* Task directions *
From the first line of the listing, copy each line exactly until you have included the line with "Đèn ngủ cảm"; leave out the pictures.

* Information shown *
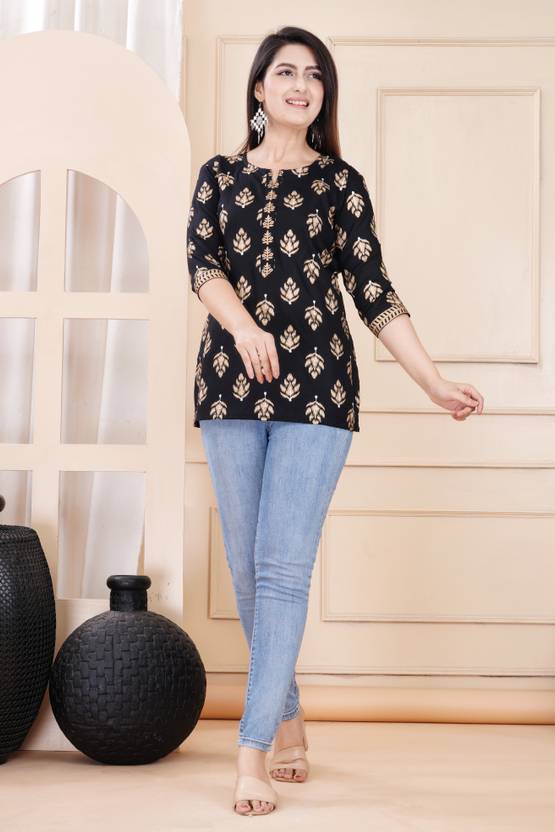 Casual Regular Sleeves Printed Women Black, Beige, White Top
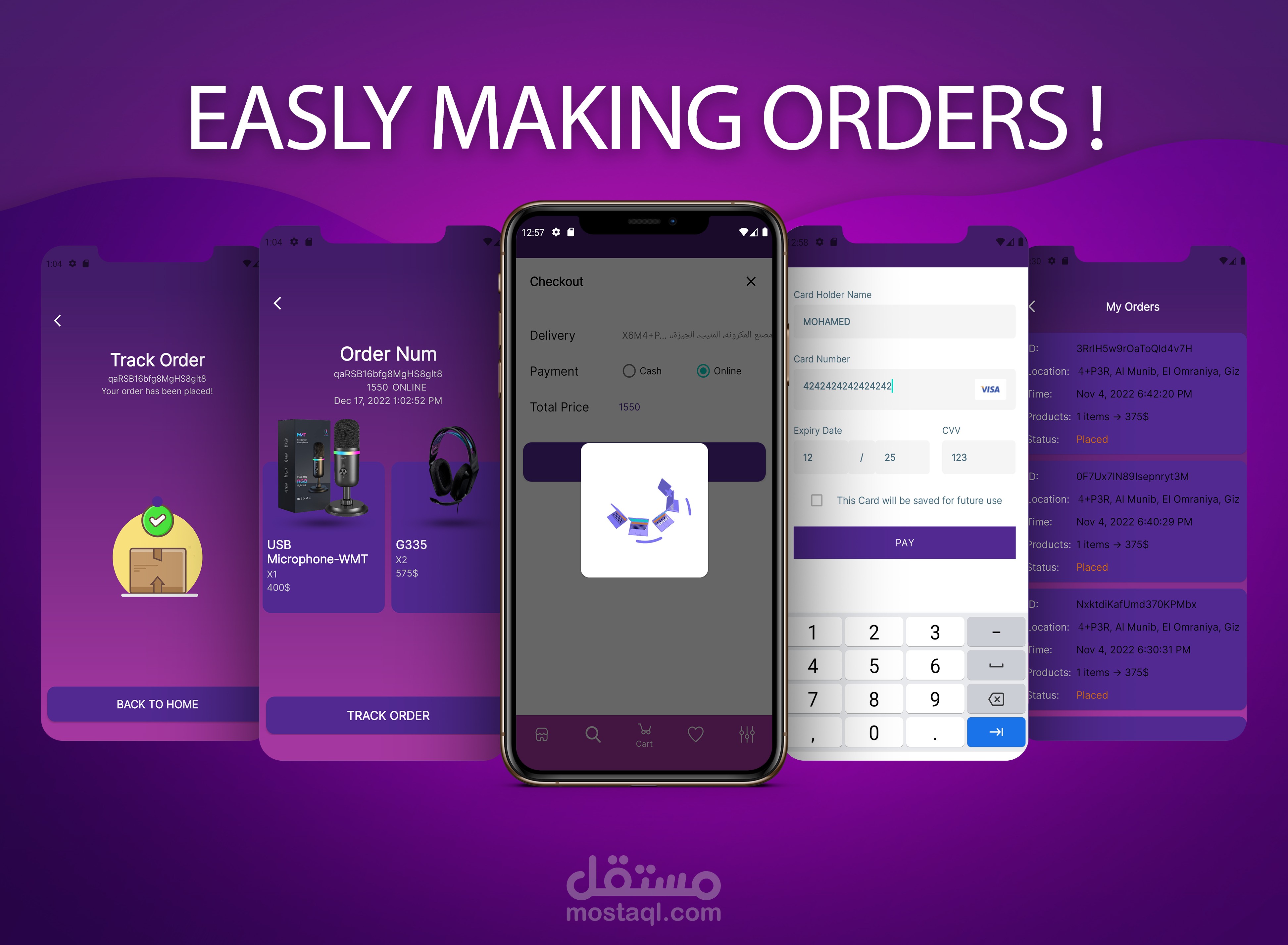 يمكنه رؤية جميع التفاصيل الخاصة بالمنتج واضافته لعربة الشراء عندها يقوم بتأكيد الأوردر واختيار طريقة الدفع التي تناسبه سواء كان كاش او اونلاين أيا كان البنك التابع له عن طريق Paymob , بعدها يستطيع متابعة الأوردر سواء اذا وافق عليه المتجر أو تم تجهيزه أو وصوله للشحن حتي استلامه.
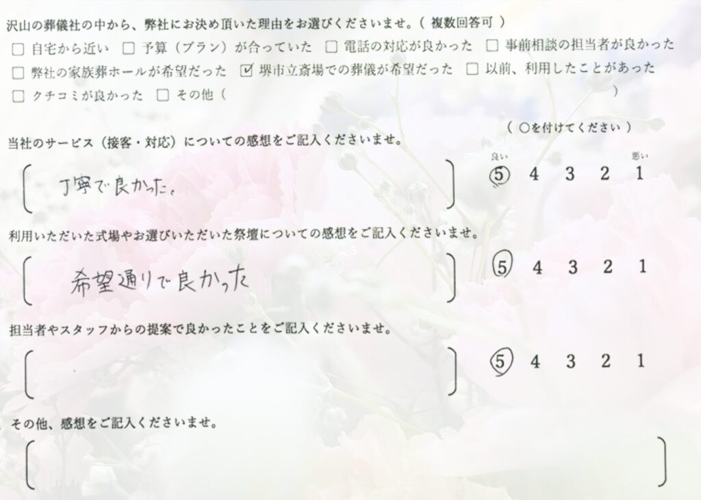 ☑堺市立斎場での葬儀が希望だった
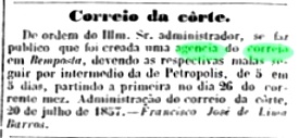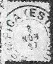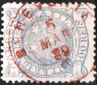 Ttwo mute postmarks were also used, which are registered in the Mute Cancellations of the Brazil Empire / Carimbos Mudos do Brasil Império (Brazil Philatelic Association, Rio de Janeiro, 2000) under nos. 2909 and 2912:
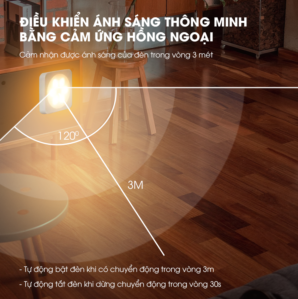 Đèn ngủ cảm biến ánh sáng - chỉ sáng khi phòng tối và tự tắt khi phòng sáng nên cực tiện lợi và tiết kiệm điện Trời càng tối đèn càng sáng Hãy để phòng
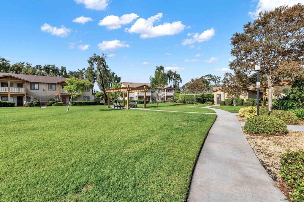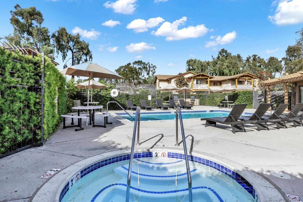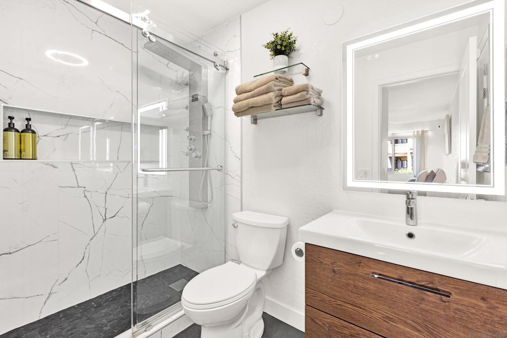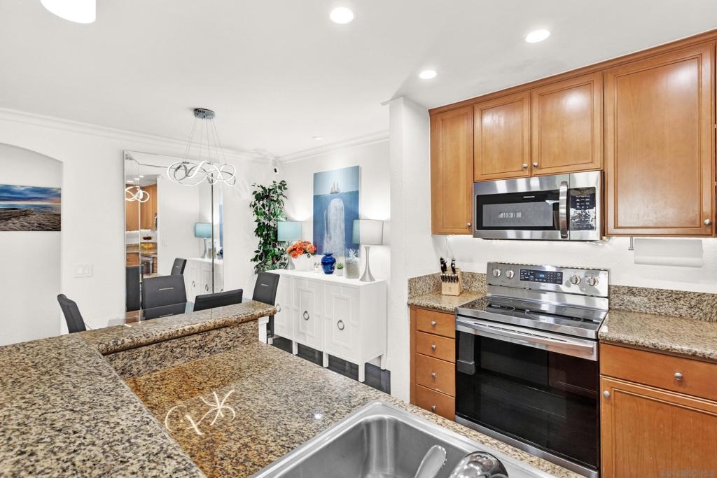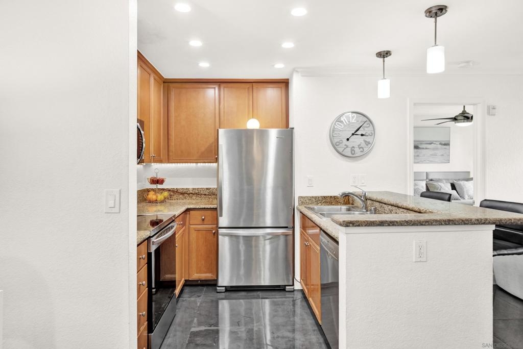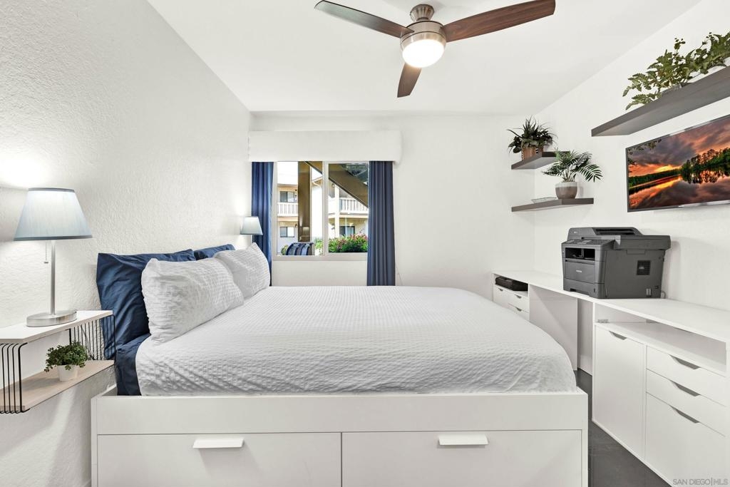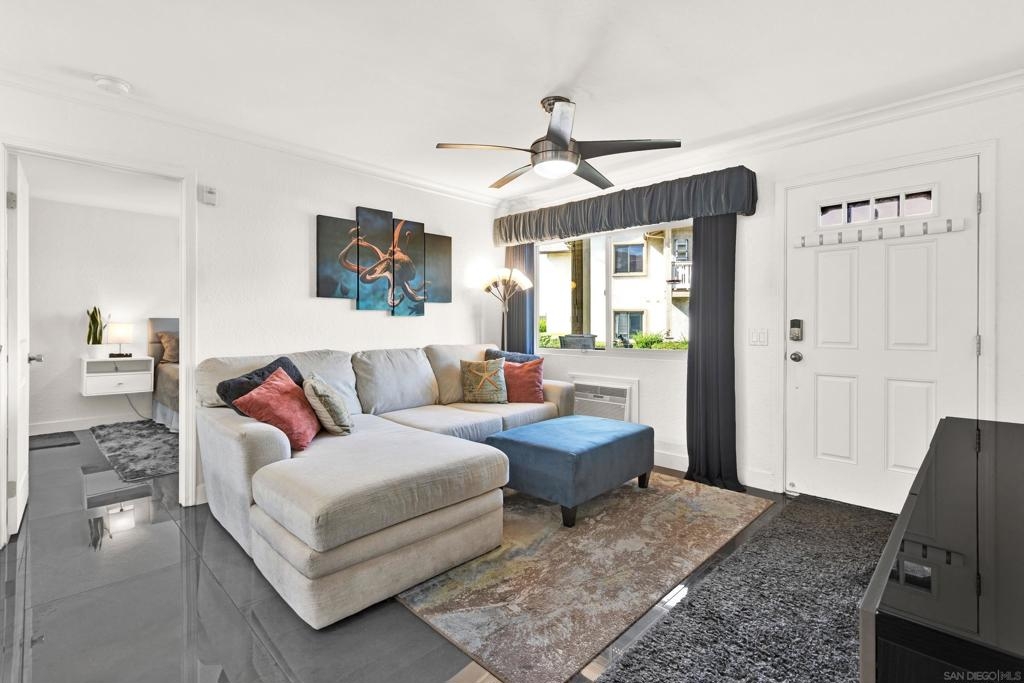 Highly desirable Alder Woods complex easy access to the HWY 67 and 52. HWY. Bottom floor corner unit. Owner updated. New windows, top down/bottom up blinds, impressive Italian floor tiles 24"X48" dark gray. Primary bathroom has 24"X48" white tiles vertically set with an alcove, the shower floor is black pebble, shower door is custom built. Both bathrooms include 55" shower heads with time and temp displays and 4 water positions, both bathrooms have ceiling fans that have a white light and night lights and music. Both bathrooms have floating vanities with two drawers, porcelain top, chrome faucets and both bathrooms have new toilets. Second bathroom boasts 36"X18" light blue tile horizontally set, glass tile alcove with dimmable lighting, there is a jacuzzi bathtub with multi-function handheld shower head perfect for bathing children or pets. Inside laundry with full size stackable Samsung washer and dryer that convey with sale, room air conditioner/heater with a remote, granite countertops, stainless steel Samsung 30 inch electric range, fan convection cooking oven with smooth top cooktop, Bosch stainless steel dishwasher quiet 50dB, Frigidaire microwave oven is stainless steel, two new pendant lights over the breakfast bar, modern chandelier in the dining room. Ceiling fans in both bedrooms and living room with remotes. Bedrooms/bathrooms are on opposite sides of the condo with living in between. Two parking spots, one covered. Water and trash are included in the HOA. Pool, spa, club house, workout facility, gated community.
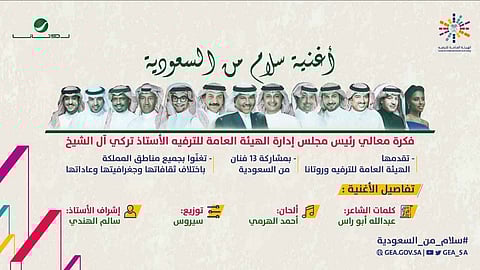 في تعاون فني ضخم بين الهيئة العامة للترفيه وشركة روتانا للصوتيات والمرئيات، أطلقت أمس السبت، أغنية «سلام من السعودية» بمشاركة مجموعة من أكبر وأهم المطربين السعوديين.
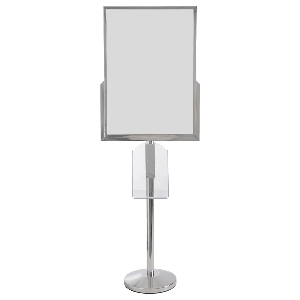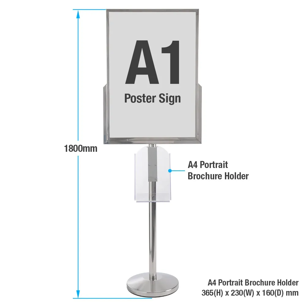 Use this floor stand for signs to easily advertise in shopping centres, museums, exhibition halls, and more! The metal poster stand features an acrylic brochure pocket to provide take away information, with A4 (210 x 297mm) in portrait orientation fitting in the pocket as well as up to (2) DL (99 x 210mm) pamphlets. The raised lip keeps brochure in place and prevents them from slipping off, with the clear acrylic ensuring a full view. This pocket is adjustable along the column as well for placement where it serves your clientele best.

* Worked solution *
 Casual Regular Sleeves Printed Women Black, Beige, White Top
 يمكنه رؤية جميع التفاصيل الخاصة بالمنتج واضافته لعربة الشراء عندها يقوم بتأكيد الأوردر واختيار طريقة الدفع التي تناسبه سواء كان كاش او اونلاين أيا كان البنك التابع له عن طريق Paymob , بعدها يستطيع متابعة الأوردر سواء اذا وافق عليه المتجر أو تم تجهيزه أو وصوله للشحن حتي استلامه.
 ☑堺市立斎場での葬儀が希望だった
 Ttwo mute postmarks were also used, which are registered in the Mute Cancellations of the Brazil Empire / Carimbos Mudos do Brasil Império (Brazil Philatelic Association, Rio de Janeiro, 2000) under nos. 2909 and 2912:
 Đèn ngủ cảm biến ánh sáng - chỉ sáng khi phòng tối và tự tắt khi phòng sáng nên cực tiện lợi và tiết kiệm điện Trời càng tối đèn càng sáng Hãy để phòng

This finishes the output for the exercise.